アルベール殿下に気持ちの悪い違和感のある令嬢として認識されていたら最悪よ! 今までは地味でもずっと傍にいたのだから顔くらい覚えられていると思っていたのに、隠匿の魔法を使っていたなら顔も曖昧でただ気持ちの悪い誰かもわからない令嬢だわ!
私が最悪の可能性に頭を抱えたくなっていると、ドタバタと誰かが駆けてくる音が響いた。
「遅れましたぁぁぁ!」
よく伸びる声に振り向けば、茶髪で髭を生やし制服も微妙に着崩れた男性が、エドガーとジャンを置いていくように走ってきた。
後からついてくる二人が死にそうな顔をしているのを見ると、騎士寮からずっと全力疾走だったのかもしれない。
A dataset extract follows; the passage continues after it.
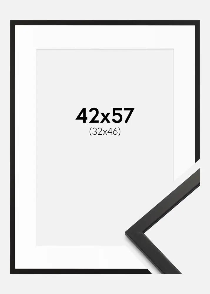 Тази елегантна черна рамка с паспарту е идеалният избор за подчертаване на вашите любими снимки. Със стилен матов финиш и тънка ширина от 13 мм, тя придава съвременен и изискан вид. Паспатруто, в класическо бяло, обрамчва вашата снимка с размери 33x47 см и създава красив контраст, който подчертава мотива.

「遅すぎるぞ、アジリオ。お前はもう少し小隊長としての自覚をだな」
「あーはいはい、そういうのはいいから。お前はさっさと交代して部屋に戻っちまえ」
しっしっ、とバルドさんに片手を振った男性は、悪びれることもなく殿下に向き直った。
「殿下、多少時間を過ぎてしまいましたが、これより近衛騎士の交代を致します」
「多少?」
「だから一々うるせーんだよバルド。あっ、そういや新入りがいるって、アンタのことか」
「あっ、はい。フィーラと申します」
ぺこり、とお辞儀をすれば、男性は面倒くさそうに片手をあげた。
「俺はアジリオ。アンタの属する小隊の隊長。まぁ、適当によろしくな」
アルジオさんは私のことをまともに見ることもせず、ふらっと視線を漂わせて、肩で息をしながらやっと追い着いたエドガーとジャンを見た。
「ほら、お前ら整列」
アルジオさんがそう言うと、エドガーとジャンは殿下の前に呼吸を落ち着けながら整列する。そしてその後ろにバルドさんの小隊が並んだ。
「アンタもそこ並んで」
「はい!」
くいっと顎で指されたジャンの横に慌てて並ぶと、アルジオさんは殿下の前に一歩進み出る。
「アルベール殿下、第三王子近衛隊、これより担当小隊交代致します。ご許可を」
「許可します」
それが初仕事の、本格的な始まりを告げる合図だった。